* [Supplied information]
Content starts
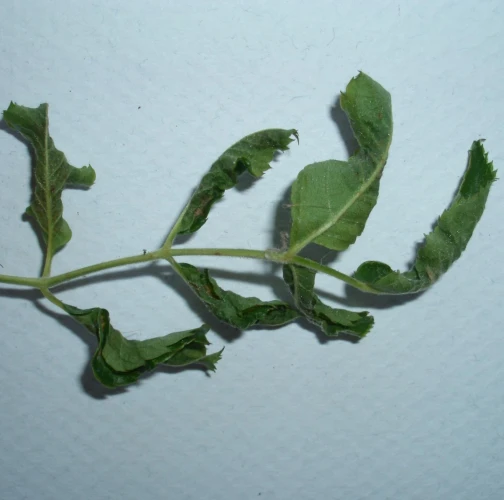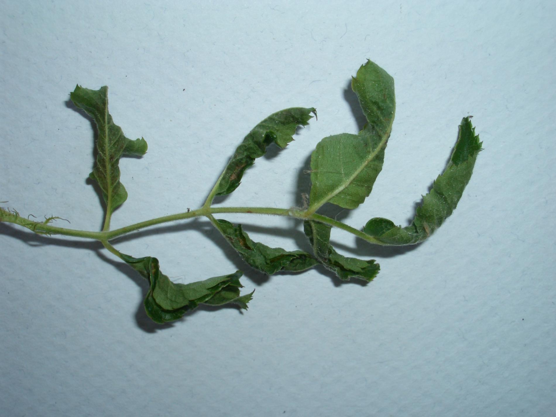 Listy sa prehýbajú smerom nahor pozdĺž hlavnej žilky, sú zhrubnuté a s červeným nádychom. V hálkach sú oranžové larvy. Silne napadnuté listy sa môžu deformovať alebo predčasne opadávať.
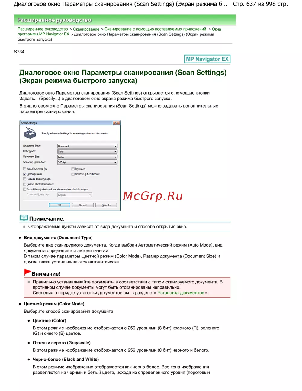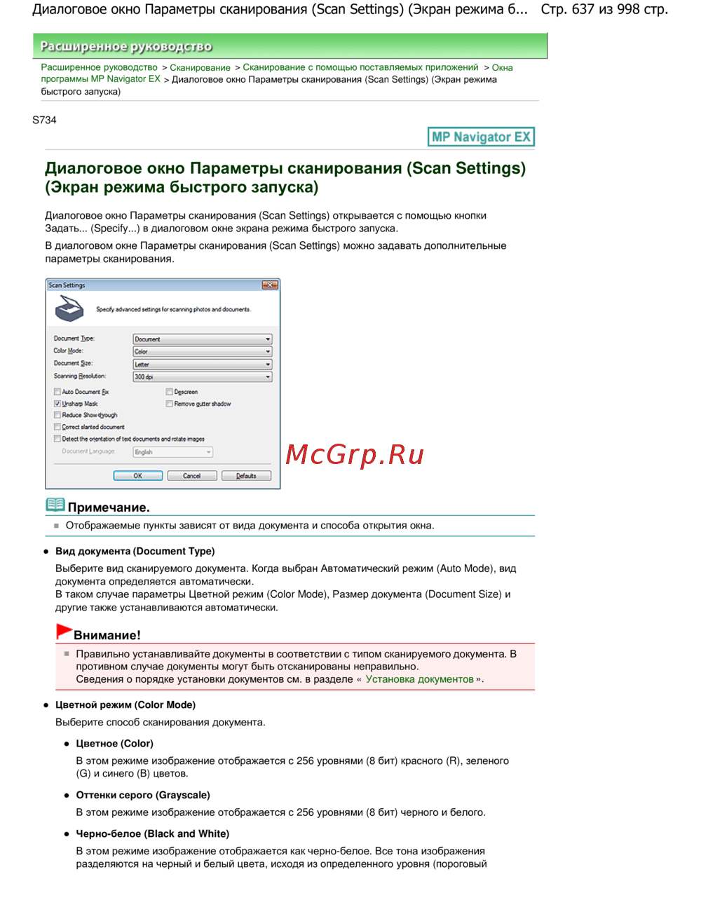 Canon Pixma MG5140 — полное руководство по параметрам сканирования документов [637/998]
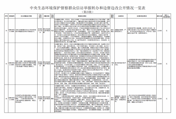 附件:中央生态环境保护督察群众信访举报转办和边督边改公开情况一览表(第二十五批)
Content ends
Content starts
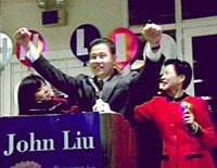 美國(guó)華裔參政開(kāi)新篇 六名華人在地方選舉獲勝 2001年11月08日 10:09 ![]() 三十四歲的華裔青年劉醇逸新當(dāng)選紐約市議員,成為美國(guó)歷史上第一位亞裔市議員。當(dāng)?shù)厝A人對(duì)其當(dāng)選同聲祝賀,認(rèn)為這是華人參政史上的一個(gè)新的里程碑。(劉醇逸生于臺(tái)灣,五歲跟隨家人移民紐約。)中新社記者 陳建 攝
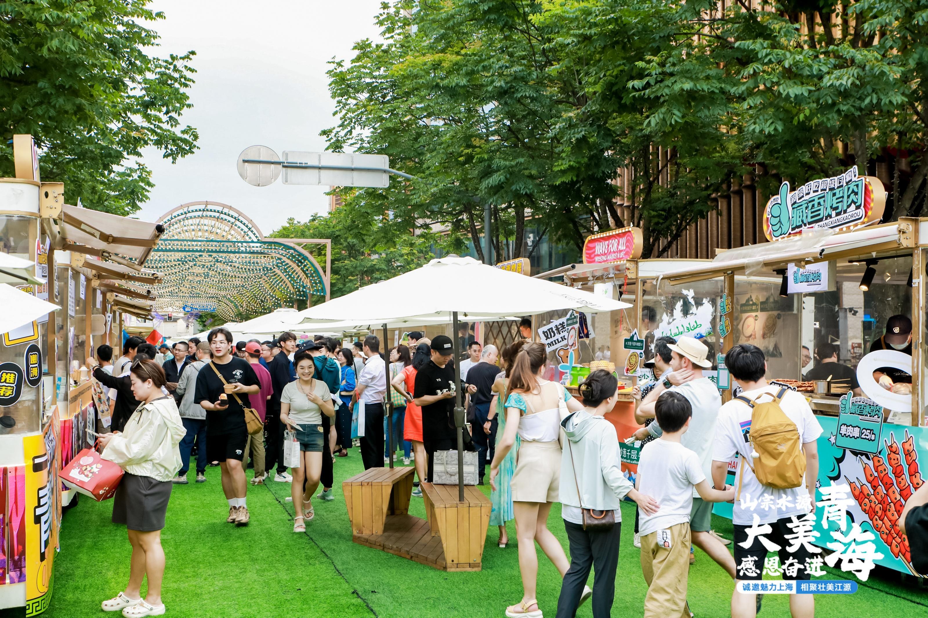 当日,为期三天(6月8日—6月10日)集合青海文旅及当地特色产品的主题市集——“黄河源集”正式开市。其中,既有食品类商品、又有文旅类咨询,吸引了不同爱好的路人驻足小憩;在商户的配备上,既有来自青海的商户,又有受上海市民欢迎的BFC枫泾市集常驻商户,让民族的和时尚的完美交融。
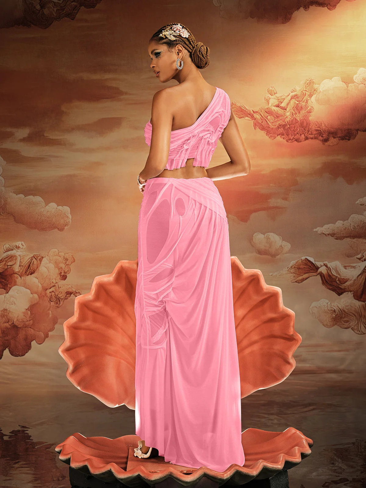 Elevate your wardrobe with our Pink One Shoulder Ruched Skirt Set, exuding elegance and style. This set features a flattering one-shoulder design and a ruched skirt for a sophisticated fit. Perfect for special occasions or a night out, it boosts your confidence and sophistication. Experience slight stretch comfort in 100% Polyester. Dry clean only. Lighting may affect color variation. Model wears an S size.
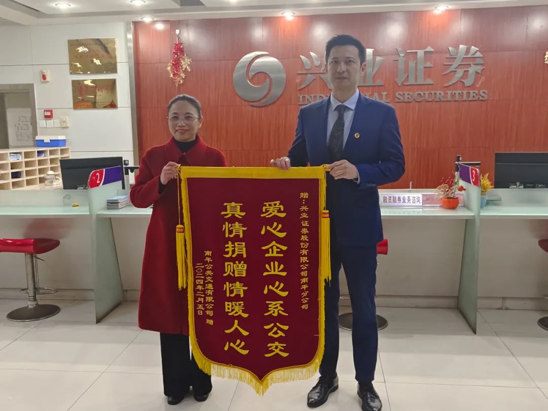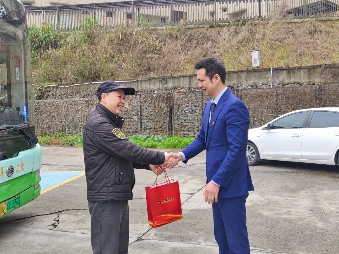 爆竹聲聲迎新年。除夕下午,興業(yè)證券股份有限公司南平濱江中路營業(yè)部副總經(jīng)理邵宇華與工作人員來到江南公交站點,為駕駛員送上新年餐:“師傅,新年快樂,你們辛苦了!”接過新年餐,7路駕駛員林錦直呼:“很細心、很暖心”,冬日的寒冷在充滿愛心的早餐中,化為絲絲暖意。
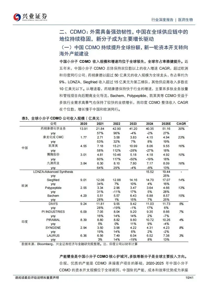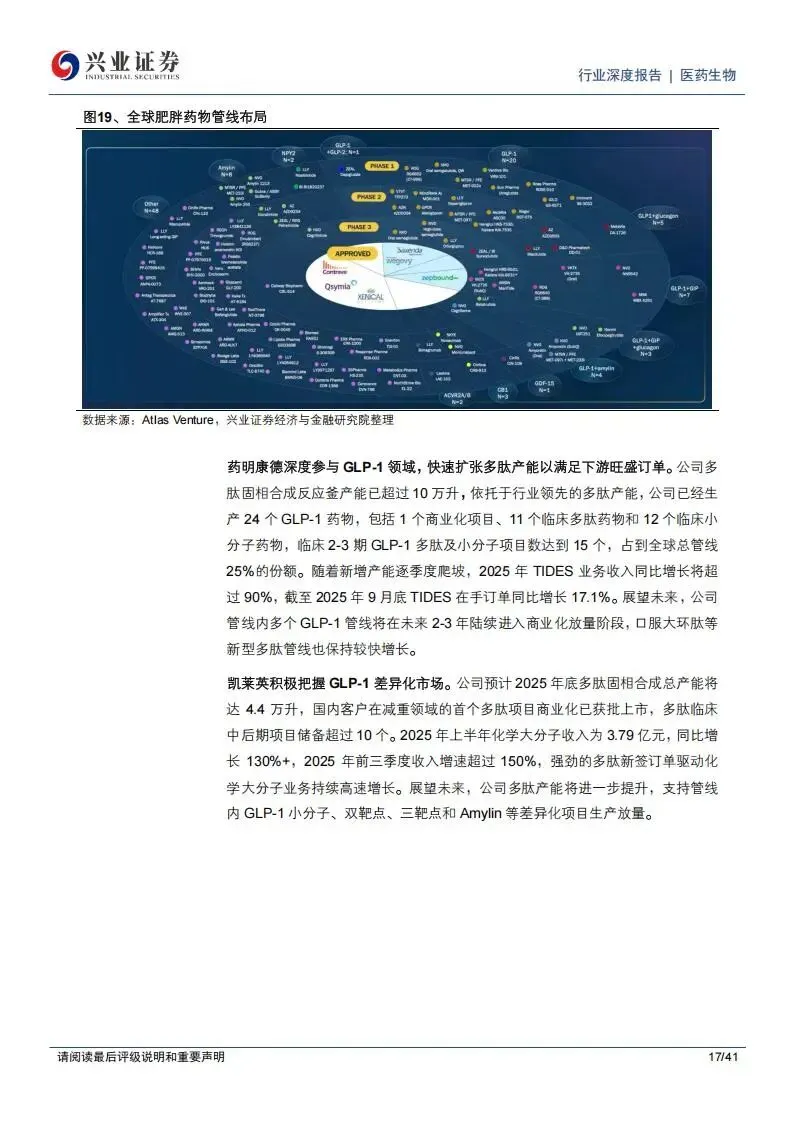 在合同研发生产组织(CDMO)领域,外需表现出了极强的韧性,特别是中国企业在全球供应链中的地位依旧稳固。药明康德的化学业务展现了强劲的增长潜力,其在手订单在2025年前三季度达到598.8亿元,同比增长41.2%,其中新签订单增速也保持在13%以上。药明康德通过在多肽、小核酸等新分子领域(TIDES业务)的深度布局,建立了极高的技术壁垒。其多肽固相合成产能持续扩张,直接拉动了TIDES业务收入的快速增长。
Content ends
Above are records with pictures. Reproduce exactly only the lines from the line with "美國(guó)華裔參政開(kāi)新篇 六名華人在地方選舉獲勝 2001年11月08日" through the line with "当日,为期三天(6月8日—6", both ends included, and leave the pictures out.

* [Completed task]
 美國(guó)華裔參政開(kāi)新篇 六名華人在地方選舉獲勝 2001年11月08日 10:09 ![]() 三十四歲的華裔青年劉醇逸新當(dāng)選紐約市議員,成為美國(guó)歷史上第一位亞裔市議員。當(dāng)?shù)厝A人對(duì)其當(dāng)選同聲祝賀,認(rèn)為這是華人參政史上的一個(gè)新的里程碑。(劉醇逸生于臺(tái)灣,五歲跟隨家人移民紐約。)中新社記者 陳建 攝
 当日,为期三天(6月8日—6月10日)集合青海文旅及当地特色产品的主题市集——“黄河源集”正式开市。其中,既有食品类商品、又有文旅类咨询,吸引了不同爱好的路人驻足小憩;在商户的配备上,既有来自青海的商户,又有受上海市民欢迎的BFC枫泾市集常驻商户,让民族的和时尚的完美交融。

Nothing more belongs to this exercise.